女性の受動的なセックスの背景には「家族の期待に応えたい私」がある『さびしすぎてレズ風俗に行きましたレポ』

こんにちは、さにはにです。今月も漫画を通じてこれからの女性の生き方のヒントを考えていきたいと思います。よろしくお願いします。

 今回ご紹介するのは、 永田カビ先生の『さびしすぎてレズ風俗に行きましたレポ』(イースト・プレス)です。Pixivに投稿されたエッセイ漫画の閲覧数が480万回を超えたことで話題となり、出版される運びになったそうです。実は私も話題を聞きつけて、出版前にPixivにて作品を拝読したひとりなのですが、ライブ感があるPixiv版に比べて、書籍版は描写や情報が整理されより読み応えのある作品として仕上がっている印象を持ちました。作品の一部は現在でもPixivにて閲覧可能とのことですが、ここはぜひ、全面改稿された書籍を手に取ることをおすすめしたいです。

 性に関する多くの物語と同様、本作は承認(=居場所)を得るべく困難を乗り越える格闘の過程として読むことができるでしょう。そのステップを実直に記述しているからこそ多くの人が共感し、本作を読むことによって救われたのではないかと思います。肉感的な要素を持ちつつも整理された絵柄やイラスト的なコマ運びによって婉曲されてはいますが、本作で作者が提示する格闘の過程はかなり重く、グロテスクなものです。

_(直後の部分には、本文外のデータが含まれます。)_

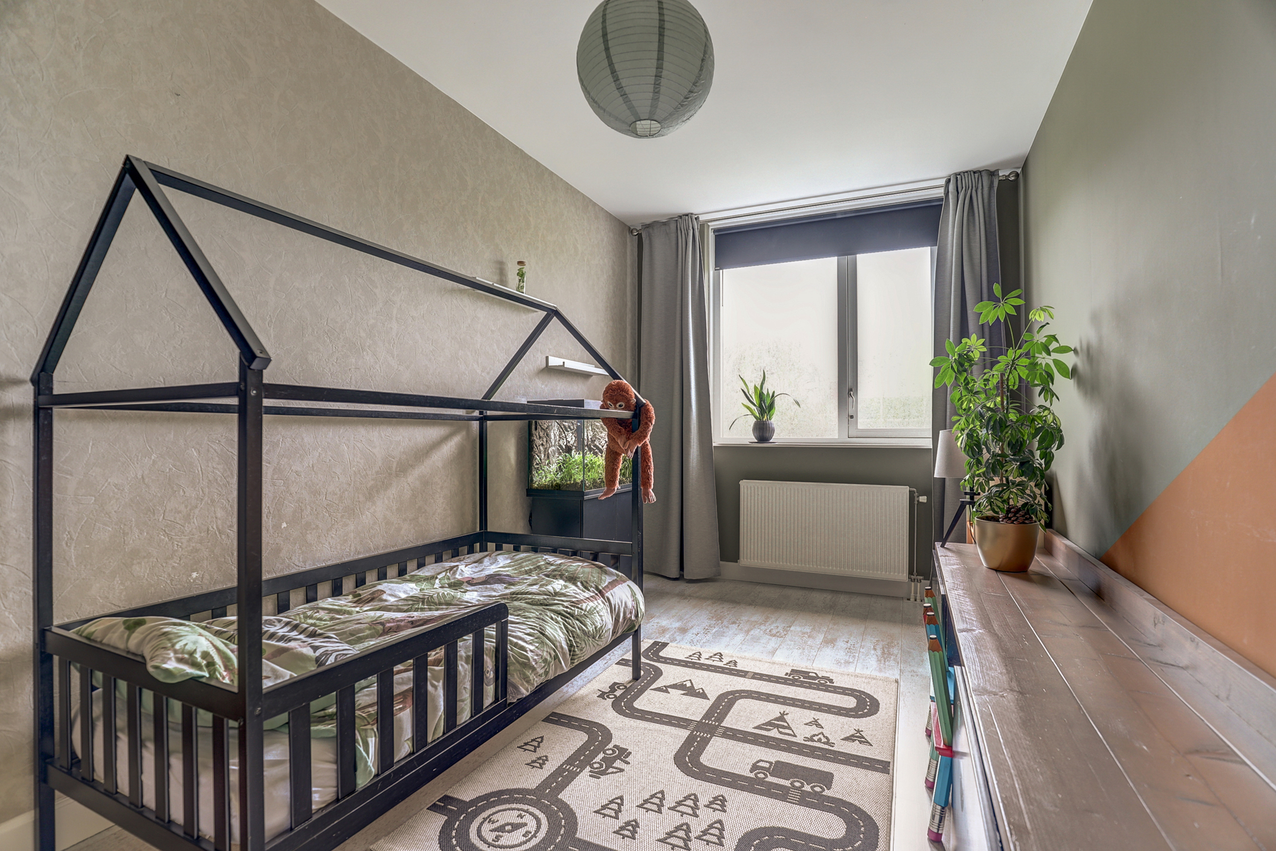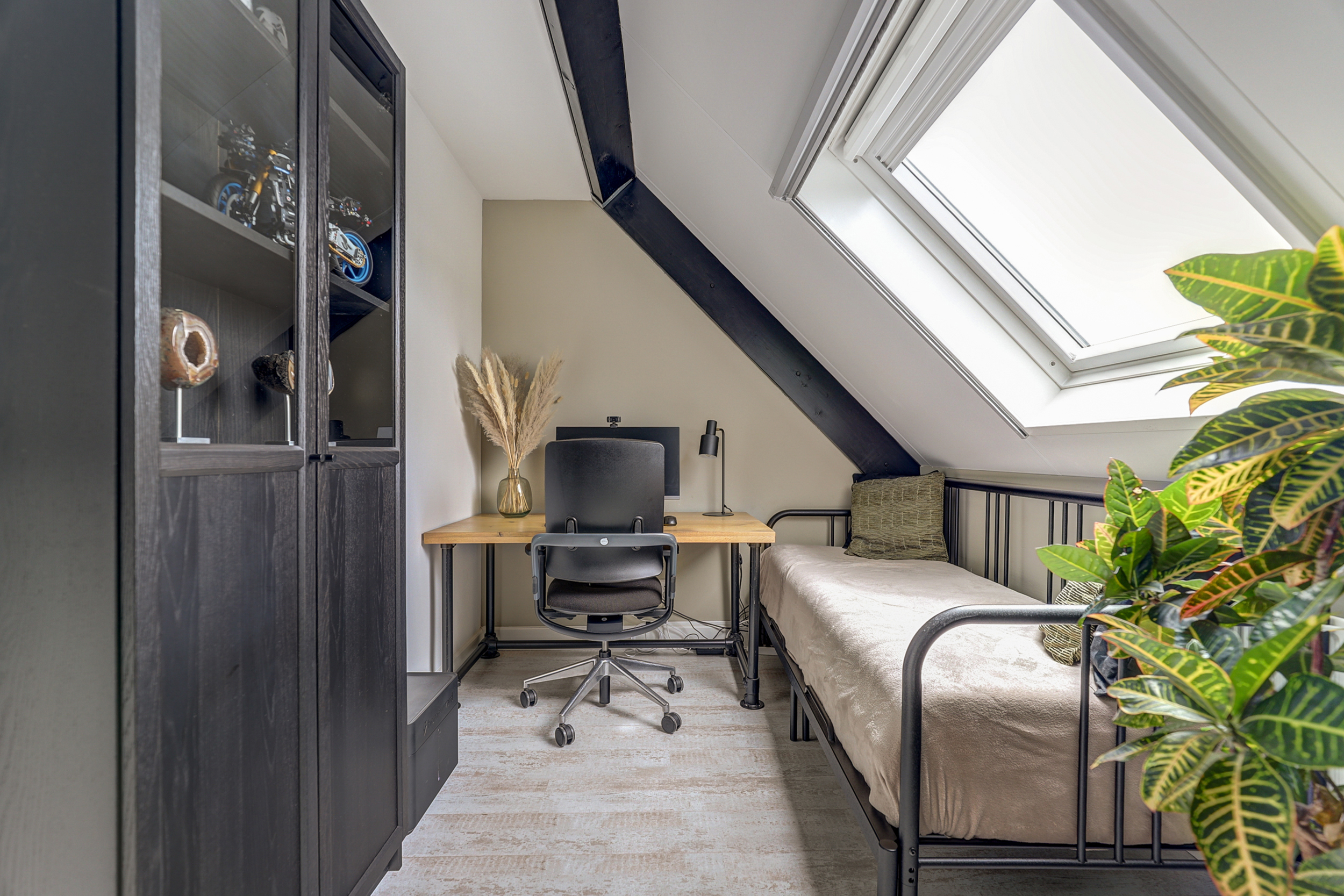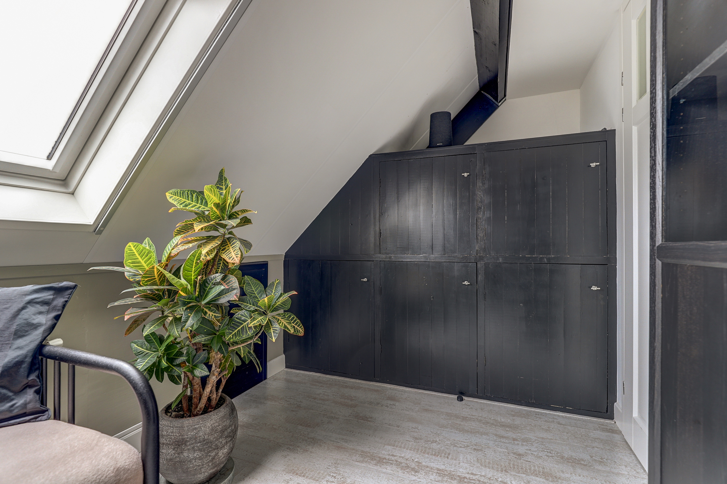 Voorzolder met vlizotrap naar de bergvliering en toegang tot slaapkamers vier en vijf. De vierde, zeer royale slaapkamer aan de voorzijde is voorzien van een in 2020 nieuw geplaatste dakkapel, met een vensterbank afgewerkt in Belgisch hardsteen. De kamer beschikt over een ingebouwd elektrische rolluik, horren, inbouwspots en op maat gemaakte raambekleding. Vaste kast met opstelling van de C.V.-ketel (type HR, bouwjaar 2024) en de unit voor mechanische ventilatie. De vijfde slaapkamer aan de achterzijde is voorzien van een groot Velux-dakraam met plissé en verduisterend rolgordijn-in-1, alsook zonwering aan de buitenzijde. Deze ruimte biedt ook toegang tot bergruimte onder het schuine dak. Daarnaast beschikt de kamer over een op maat gemaakte vaste kastenwand, inclusief aansluitingen voor wasmachine en droger.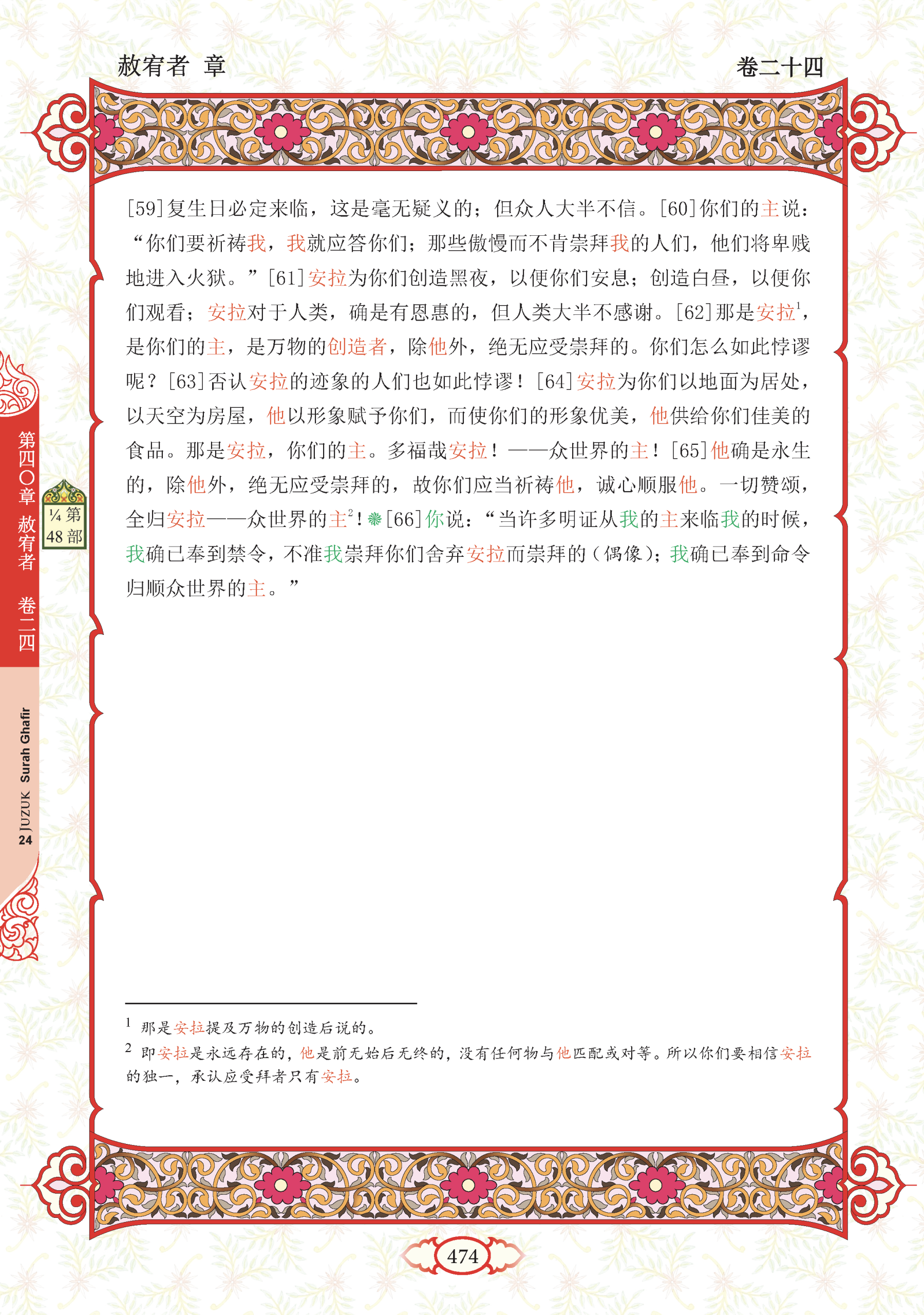 65. Dia-lah Yang Maha Hidup. Tiada Tuhan (yang berhak disembah) melainkan Dia. Maka hendaklah kamu menyembah-Nya dengan mengikhlaskan ibadah kamu kepada-Nya semata-mata. Segala puji bagi Allah Tuhan sekalian alam.

 高校卒業以降社会になじめず、過食や拒食、リストカットなどを繰り返し、日常生活もままならないほど追い込まれた作者が自問自答の末にまずたどり着いたのは「私、自分から全然大事にされていない」との気づきでした(文字にしてみると些細な気づきにも感じられるかもしれませんが、この発見の重要さと作者に与えたインパクトはぜひ本作で確認していただきたいところです)。これを端として、親の愛情を得るために「大人になってはいけない」との思い込みを持っていたこと、性的関心を封印していたこと、これらの問題を乗り越えるべく「レズ風俗」へ赴く過程が詳細に記述されていきます。

 「レズビアン」であるかどうかにかかわらず、現代社会において女性が性的関心を自覚することはある種の難しさを伴っています。また、それは親との関係や自己肯定感と切っても切れない関係にある事実は、社会学に限らず多くの研究が示している所です。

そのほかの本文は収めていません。